How to do a Java source code review

So, a while ago I developed the methodology on how to carry out a Java secure source code review at my previous employment. Now, I’ve been asked to do a few reviews at my current employment, and I got chuffed at myself for not being able to remember a lot of the stuff that I figured out at my old place, so I’ve decided to put some of them down right here. Now naturally I’m not allowed to just publish the same things that I’ve done for either of the jobs, they’re considered trade secrets, so these are more of general guidelines I use whenever I do source code reviews.

Scoping

The first thing I wanna do is to figure out how long the assignment will take. This greatly depends on how fast you are at reading code, but in my experience I can do about 1000 lines of code pr. hour. So here’s what I do (on linux):
First, CD into the directory that holds all the code.
Then run find $(pwd) -iname *.java > files.txt
This will find all the files that you will need to review.
Next run while read line ; do wc -l $line ; done < files.txt > linecounts.txt
This will run through all the files and count the number of lines in them.
To get rid of all the excess output, run cat linecounts.txt | cut -d” ” -f1 > numbers.txt
Now finally run this to get the total number of lines of code: sum=0 ; while read num ; do sum=$(($sum + $num)) ; done < numbers.txt ; echo $sum

So this could all be stuck together like this:
find $(pwd) -iname *.java > files.txt && while read line ; do wc -l $line ; done < files.txt > counts.txt && rm files.txt && cat counts.txt | cut -d” ” -f1 > numbers.txt && rm counts.txt && sum=0 ; while read num ; do sum=$(($sum + $num)) ; done < numbers.txt ; echo $sum && rm numbers.txt

This will give you the number of lines of code, divide it by 1000 and you have how many hours it would take me to review it.

Ressources

Aside from the source code (obviously), there are a number of things I usually like to ask the client for, such as:

  • A copy of any frameworks that have been used
  • Design Class Diagrams of the application
  • System Sequence Diagrams
  • Any other documentation

In the perfect world, the client would simply run the VMware Converter and hand you a full working copy of their development environment, but the world isn’t perfect.

Questions

As part of the review, I usually ask myself (and the client) questions like:

  • How critical is the application?
  • What’s it for?
  • What matters most, speed, availability, etc?
  • What sorta data will the application be processing?
  • Is logging being used? How and where?
  • How are errors handled?
  • Who will be using it? Is it for public usage, internal, external (consultant-style)?
  • What’s the architecture like? (P2P, MVC, client/server etc)
  • Where’s inputvalidation handled? And what about user authentication? (get method names so you won’t have to waste time looking for them)
  • How are sessions handled?
  • How’s data stored? Cleartext?
  • How’s data transfered? Cleartext?
  • What development methodology was used? (UP, Scrum, XP etc)

Reviewing

Now for the actual review. If possible, import the source into your favorite IDE (I’m a NetBeans man) and start looking through it. If you can’t get it into your IDE, I usually just read through it with any color-coded editor, like Notepad++

Look through the packages and classes, and see if you can get an overview of what kind of architecture is being used. Is this a good choice? Why?/Not?

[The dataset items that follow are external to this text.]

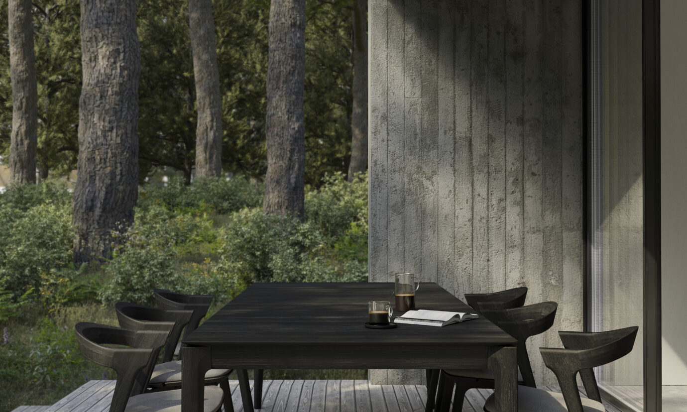 Made from 100% solid teak, the Bok Outdoor dining table & chairs by Ethnicraft have been meticulously designed for use in the open air with a weatherproof varnish. $1,519 (chair); $4,509 (table), at Maison Corbeil.
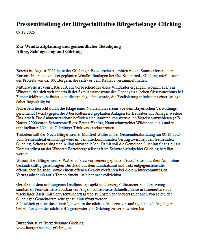 Das Thema "Interkommunale Verträge Windkraft" der Gemeinden Gilching, Alling und Schöngeising war am 09.12.2025 TOP 4 der Gemeinderatssitzung.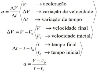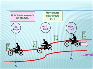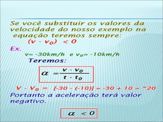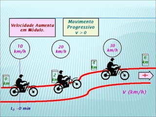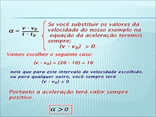 O documento discute movimento acelerado, no qual a velocidade aumenta ao longo do tempo e a aceleração e velocidade têm o mesmo sinal. Ele usa o exemplo de um motociclista se movendo ao longo de uma trajetória para ilustrar como a velocidade e aceleração mantêm o mesmo sinal, mesmo quando a direção do movimento é invertida.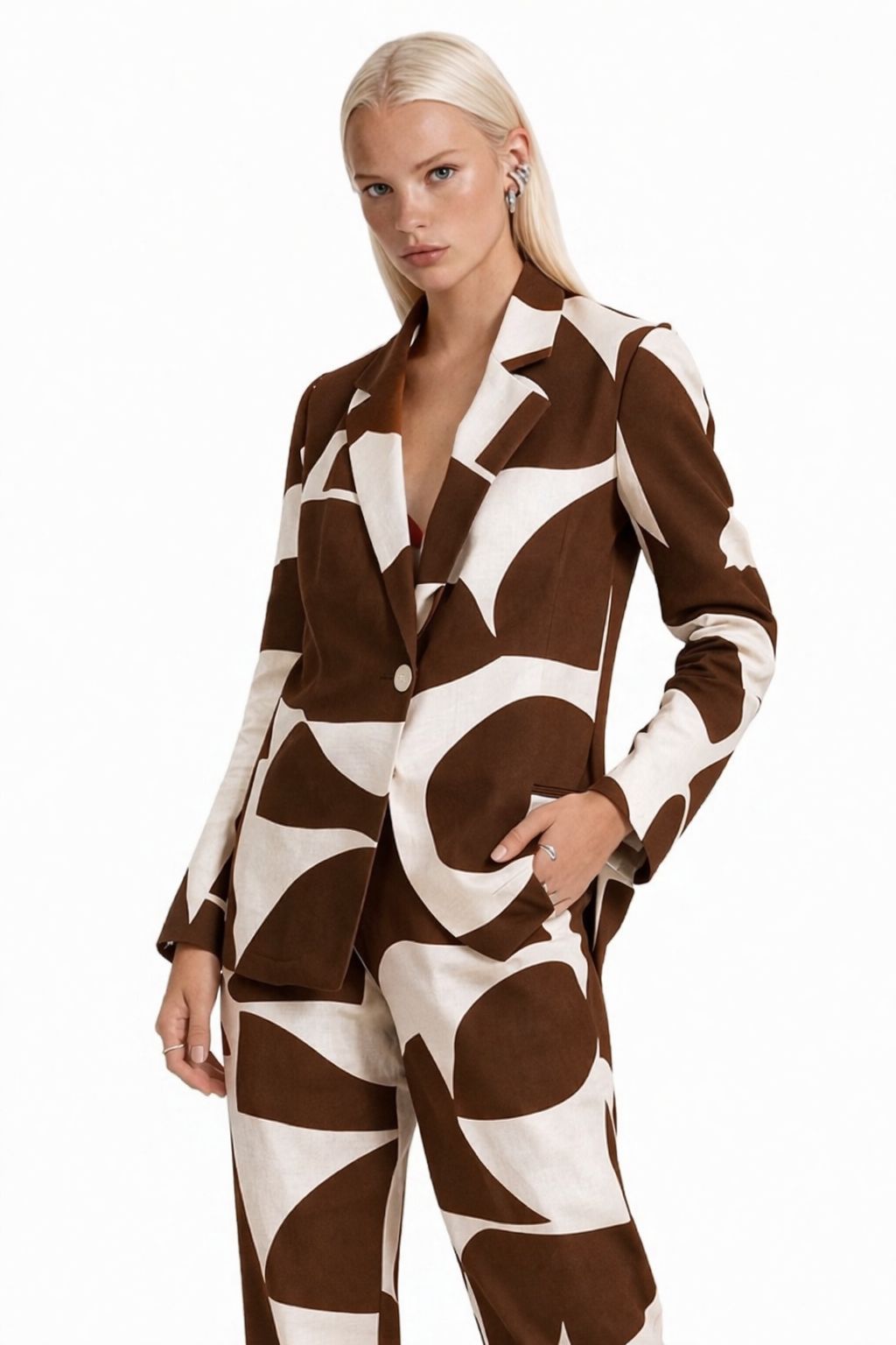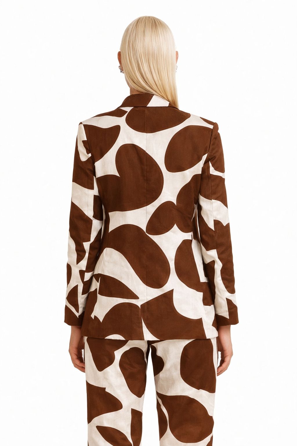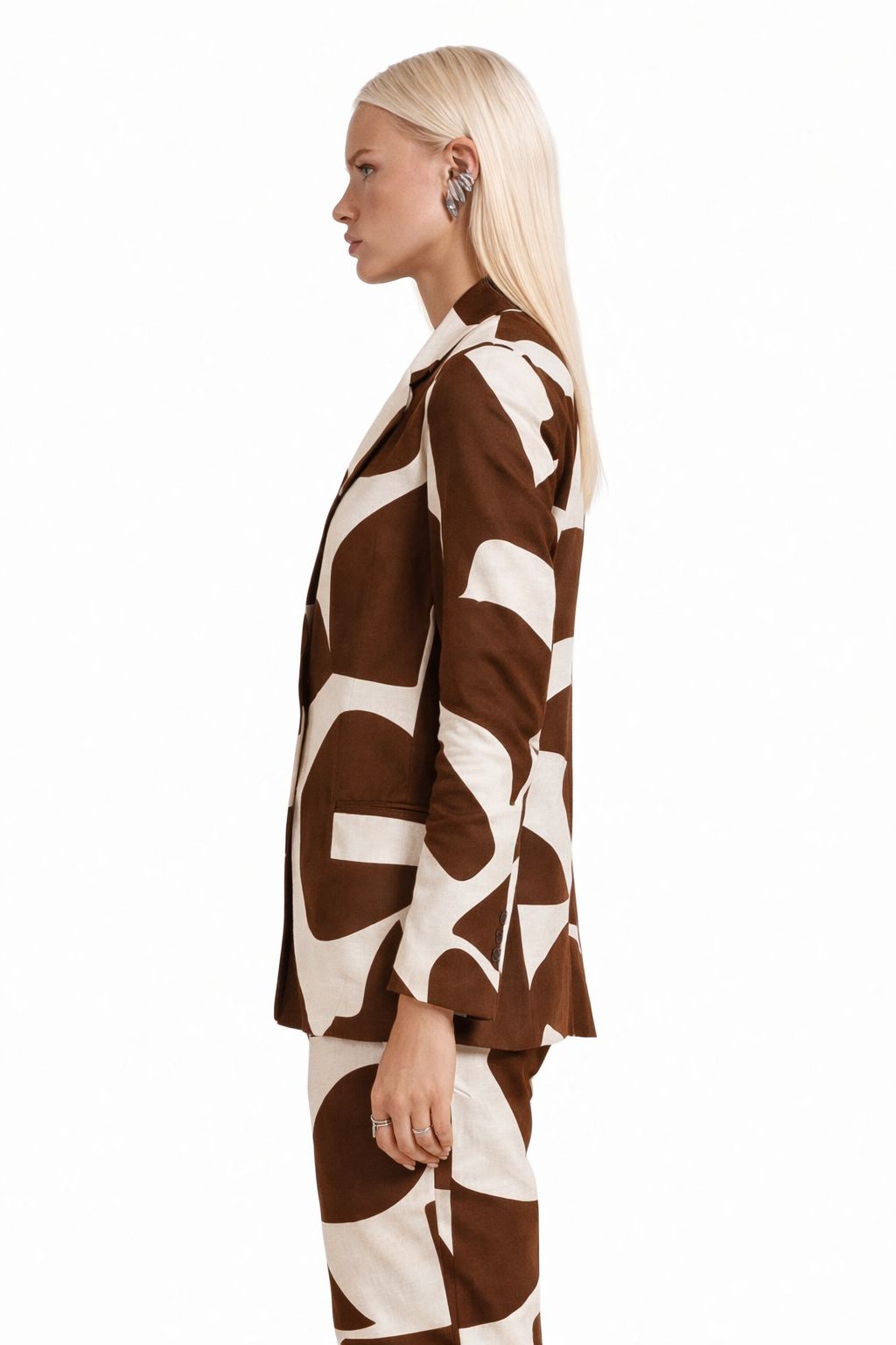 Giacca leggera monopetto in fantasia astratta, ideale per completare look contemporanei con un tocco distintivo. La linea pulita e la vestibilità fluida la rendono un capo versatile, perfetto per accompagnare sia outfit quotidiani che più ricercati.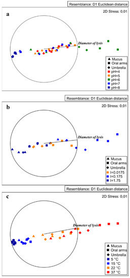 MDS plot of the lysozyme-like activity detected in the A. coerulea mucus, oral arms, and umbrella homogenates showing the effects of pH (a), ionic strength (b), and temperature (c) on the lysis diameter.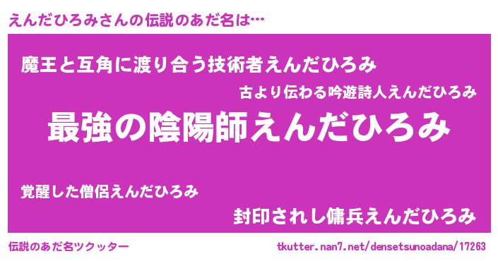 | ファンタジー風あだ名 | 『エターナルエンダヒロミー』 |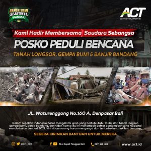 “Kami berharap dengan dibukanya posko peduli bencana yang berada di Bali ini dapat memudahkan masyarakat di Bali dalam mendermakan bantuannya untuk masyarakat yang tengah terdampak bencana di Indonesia, Mulai dari tanah longsor Sumedang, gempa bumi Majene Sulbar, dan Banjir Bandang Kalimantan Selatan Serta Banjir Bandang Jembrana Bali.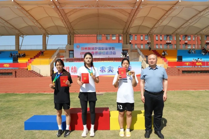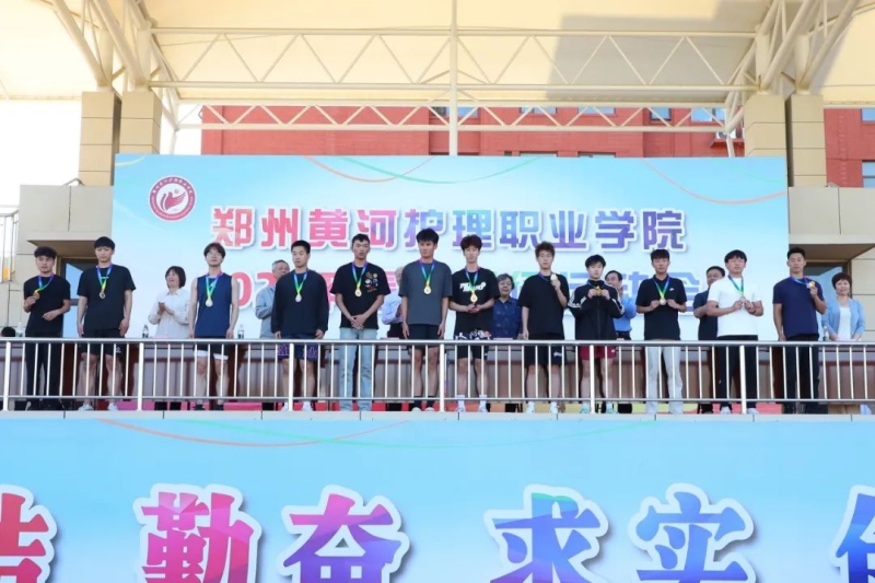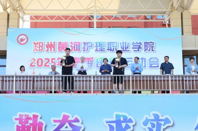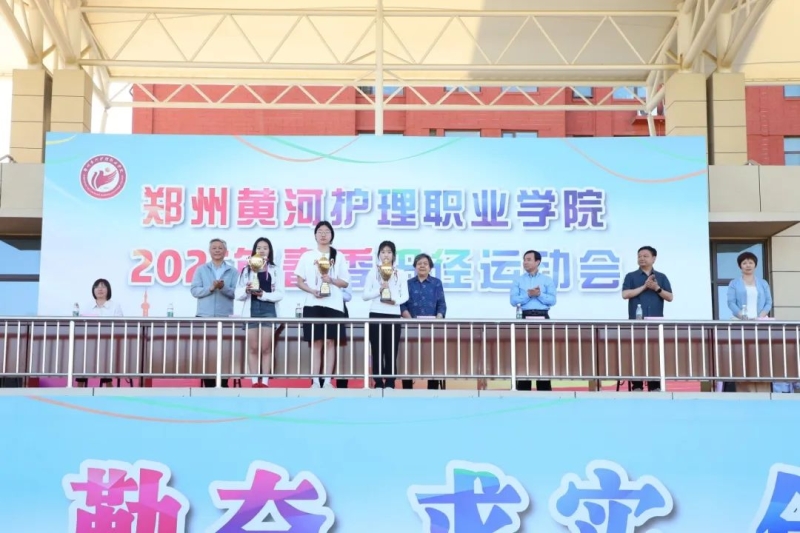 副校长、新密校区管委会主任崔明辰宣读方队入场式评选结果和运动会项目获奖名单,与会领导分别为获奖者代表颁奖。

Run it through a refactoring tool, like RefactorIT or whatever floats your boat. This will pretty much just check it for best practices, but sometimes you might get lucky.

Look to see if public/private methods and variables are being used properly (scope-wise) and beware of static methods. Also, a lot of interesting things can usually be seen in debug-messages that have been left in the code.

And now we read!
Look through all classes, line by line. Look for loops and see if they (logically) run and exit as they should (off by one?), are they using collections (for each) or regular for/while loops. Is that the best choice or would a different loop make it faster?
Look for methods that could use up a lot of memory, run the program and see if you can make it run out of memory.
Look for input validation. Do they blacklist or whitelist? Is that a good choice? (Blacklisting is never! the right choice)
Look for hardcoded passwords, addresses and config-locations. Is this a good idea/necessary?
Look for methods that execute OS-specific commands (ping, shutdown, nslookup etc)

If you’re doing this as part your own security assessment, then you probably have some tools as well, (I know we do) and now would be a good time to run them towards the code, as what’s been mentioned above is just a quick overall process that I go through.

Reccurance

If you do reviews as part of process, you may get to review the same code multiple times. In that case, use these commands to pinpoint the alterations since your last review:
diff <folder1> <folder2> -E -b -B -r -q This will list all the files that differ
diff <folder1> <folder2> -E -b -B -r This will show the actual differences
You might wanna play around with some of diff’s switches to get a display that makes it easier to compare these things.